The nominative function was marked by the absence of a particle in main clauses and by the genitive particles in subordinate clauses. The dative/locative particle -ni was homophonous with the simple infinitive form of the copula -ni, with verbal suffixes supplies more complex case markers -ni-te ('at' a place) and -ni si-te or -ni-te ('by means of'). A number of particle + verb + -te sequences provided other case functions: -ni yori-te 'due to' (from yor- 'depend'), -ni tuki-te 'about, concerning' (from tuk- 'be attached'), and -to si-te 'as' (from se- 'do'). More complex structures were derived from genitive particle + Location Noun + appropriate case particle (typically locative -ni) and were used particularly to express spatial and temporal relations. Major location nouns were mafe 'front' (Noun-no mafe-ni 'in front of Noun'), ufe 'top' (Noun-no ufe-ni 'on top of Noun' ~ 'above Noun'), sita 'under' (Noun-no sita-ni 'under Noun), saki 'ahead' (Noun-no saki-ni 'ahead of Noun)', etc.
Conjunctive particle
[edit]- Infinitive + 「て」(te): 'and (then/so), when, because'. It usually expressed a close sequential link between the predicates that it connects. The subjects of the two verbs connected by「て」 were usually the same.
- Realis + 「ば」(ba): 'and (then/so), when, because'. It usually expressed a looser sequential link between the predicates that it connected. The subject of both verbs connected by 「ば」 was usually different.
- Irrealis + 「ば」(ba): 'if...', It usually expressed a unreal condition.

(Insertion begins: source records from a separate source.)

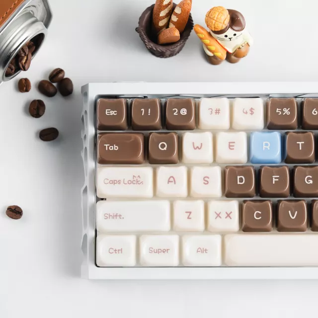 Transform your mechanical keyboard into a delightful masterpiece with these Chocolate Jelly Cat Foggy Translucent Keycaps. Designed to bring personality and comfort to every press, this enchanting 148-key set blends cozy pastel tones, whimsical cat-inspired details, and a foggy ice-crystal finish that glows beautifully under RGB lighting. Whether you’re gaming late into the night or typing during a peaceful morning, these keycaps add a touch of magic to every moment.
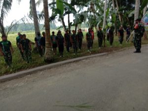 HULU SUNGAI TENGAH-Sejumlah Satuan Tugas (Satgas) TNI Manunggal Membangun Desa (TMMD) melaksanakan Apel Pagi di lokasi TMMD Ke-112 Kodim 1002/Hulu Sungai Tengah (HST) di Desa Rantau Keminting, Kecamatan Labuan Amas Utara. Minggu, (10/10/2021).
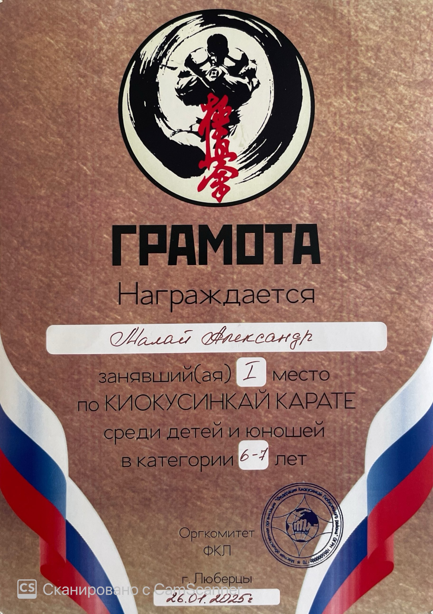 Грамота за 1 место по КИОКУСИНКАЙ КАРАТЕ среди детей и юношей в категории 6-7 лет. Оргкомитет ФКЛ, Федерация Киокусинкай Люберецкого района, г. Люберцы, 26.01.2025 г.
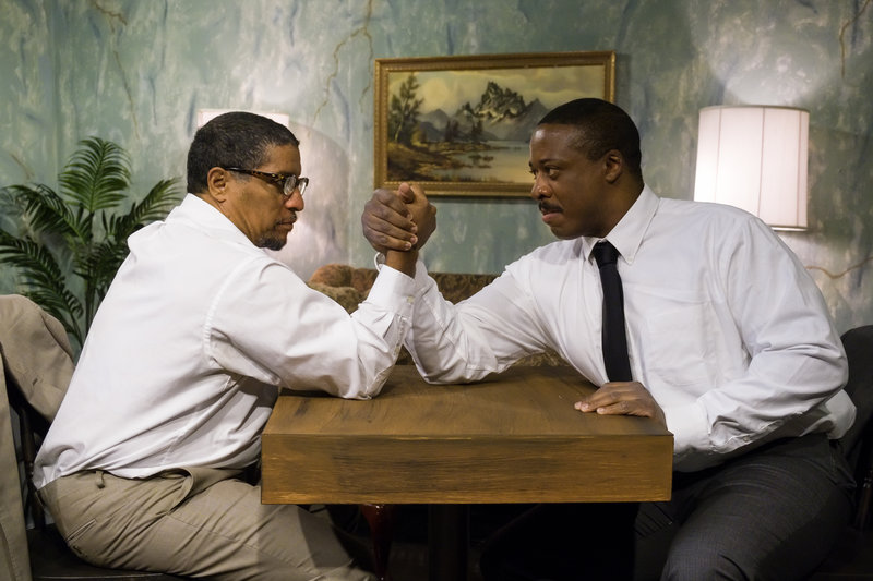 Malcolm X (Rhys Greene) and Dr. Martin Luther King Jr. ( J. Kay Weldon) arm wrestle to decide the way forward during Jeff Stetson's ‘The Meeting’ presented by Point Loma Playhouse. PHOTO BY JOHN HOWARD

- Irrealis + 「で」(de):[12] negative 'and', 'without ... ing', 'rather than ... ', derived from old infinitive of negative auxiliary verb「ず」(i.e. 「に」) + the particle 「て」with sound change.

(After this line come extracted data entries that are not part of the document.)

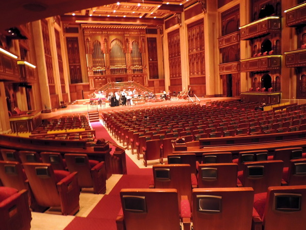 Ein Besuch des Theatersaals war nicht vorgesehen, weil dieser wegen Konzertproben für Publikum geschlossen und nicht zugängig war, für Einhaltung dieses Verbots sorgte ein überaus erst dreinblickender Sicherheitsdienst. Deshalb sollten wir nur den Vorraum betreten, aber dort traf unsere Führerin auf den ihr persönlich bekannten ersten Geiger, stellte unsere Gruppe vor und bat ihn mit weiblicher Finesse, ob wir nicht wenigstens einen Blick in den Saal werfen dürften. Der Konzertmeister konnte nicht widerstehen und ließ seinerseits nachfragen, ob wir nicht vielleicht doch ... und wir durften! Ganz leise, keine Fotos bitte und nur ganz kurz ... aber die Proben pausierten gerade und so konnten wir auch ganz schnell für ein paar wenige Bilder unsere Kameras zücken:
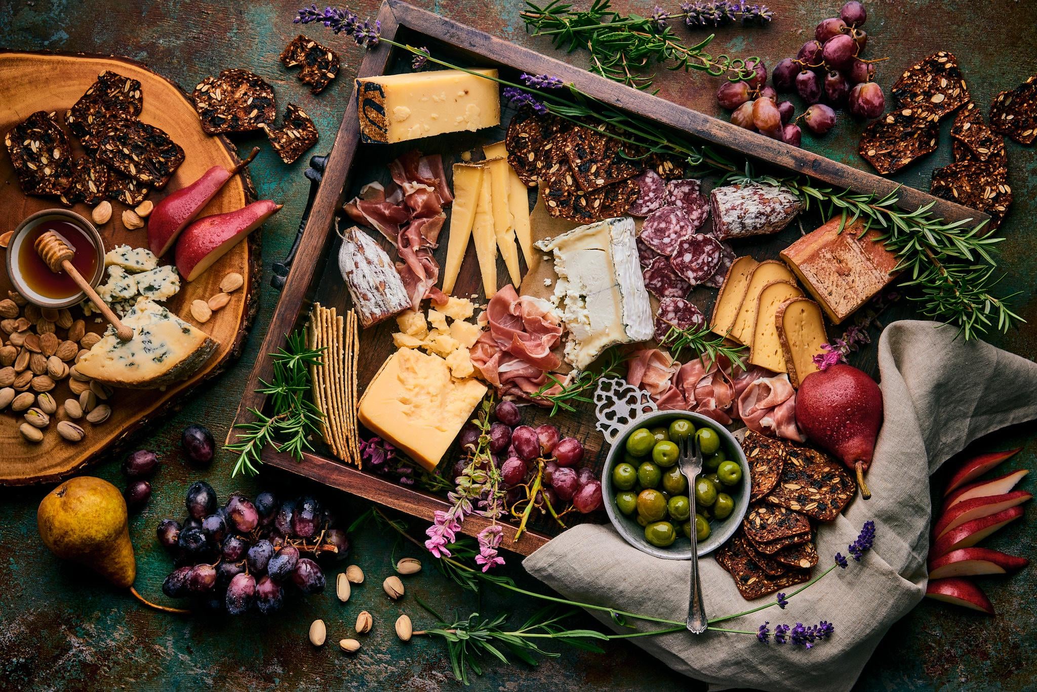 The client provided the cheeses, charcuterie, crackers and olives. I added the fruit, nuts, honey and herbs. Our favorite cheeses were the blue (Point Reyes) and the aged goat (Humbolt Fog). Actually, they were all amazing. by NerdsWithKnives Food Porn
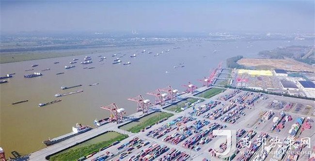 航拍長江上貨船往來,碼頭上集裝箱擺放有序(來源:新華網(wǎng))
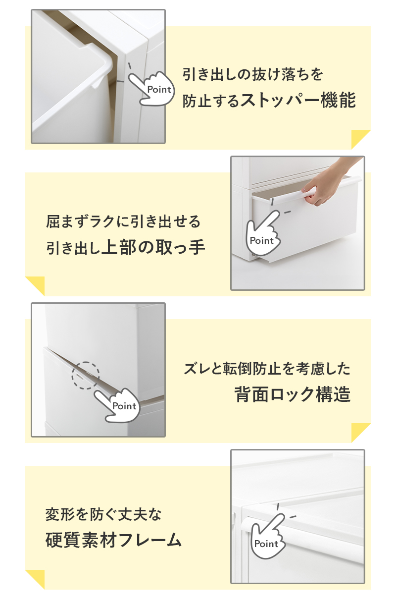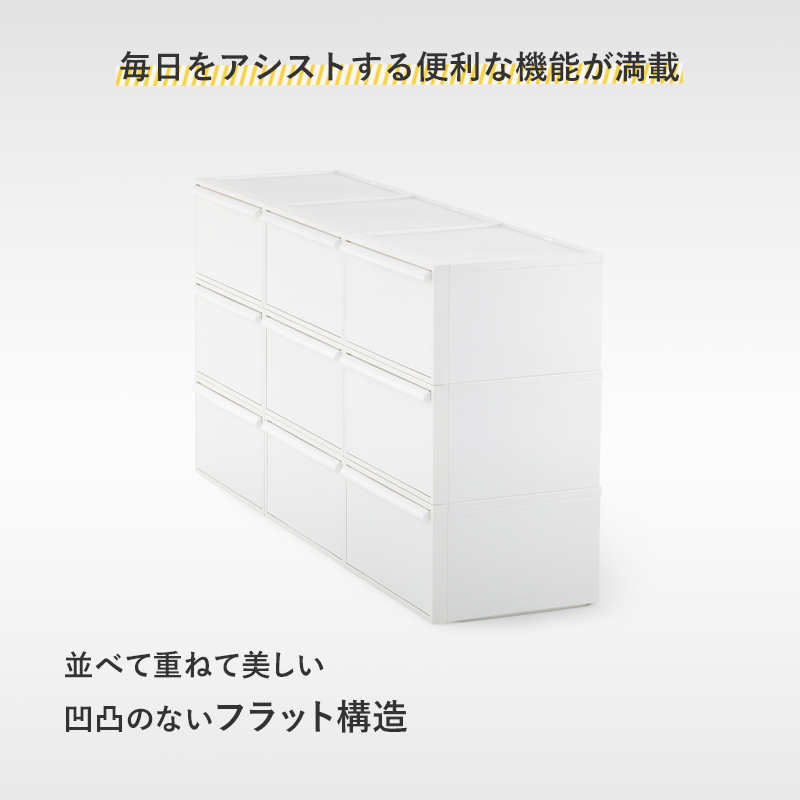 ほこりが溜まりにくいフラット構造と、直線的で美しいフォルムが魅力の引出しケース。背面ロックでしっかり安定し、抜け落ち防止ストッパーや、かがまず使える上部取手など、細部まで使いやすさにこだわった安心設計です。

- Various forms + 「と/とも」 (do / domo): 'even if, even though'. Most yougens and auxiliary verbs took the conclusive form, bigrade verbs take the infinitive in earlier texts, r-irregular verbs took the attributive form,and some auxiliary verbs inflecting like adjective and negative auxiliary verbs「ず」also took the attributive.
- Infinitive + 「つつ」 (tutu): 'while (at the same time)'.
- Infinitive of verb / stem of adjective + 「ながら」(nagara): 'while, while still' or 'despite'.
Binding particle
[edit]There were some special particles that limited the inflectional form of the yougen or auxiliary verb at the end of a sentence. These particles are called binding particles(係助詞). These limitations are called binding rules(係り結びの法則).
Binding particle | Meaning | Ending form | Example |
---|---|---|---|
ぞ | emphasis on its phrase | attributive | ふるさとは花ぞ昔の香に匂ひける (Kokin Wakashū, 42th)
attributive of「けり」(Auxiliary verb of unwitnessed past or emotive assertion) |
なむ | もと光る竹なむ一筋ありける (The Tale of the Bamboo Cutter)
attributive of「けり」 | ||
や(やは) | question, or rhetorical question | 春やとき花やおそきと聞きわかむ (Kokin Wakashū, 10th)
attributive of adjectives「疾し」and「遲し」 | |
か(かは) | 生きとし生けるもの いづれか歌を詠まざりける (Kokin Wakashū, Kana preface)
attributive of「けり」 | ||
こそ | strong emphasis on its phrase | realis | 男はこの女をこそ得めと思ふ (The Tales of Ise)
realis of modal auxiliary verb「む」 |
Note that the case particle「と」indicates a preceding quote, and when it is used, a quote should be considered an independent sentence when using the linking rule.
Susumu Ōno assumed that these binding particles originally acted as final particles.[13] For example:
Man'yōgana: 苦毛 零來雨可 (from Man'yōshū, 265th)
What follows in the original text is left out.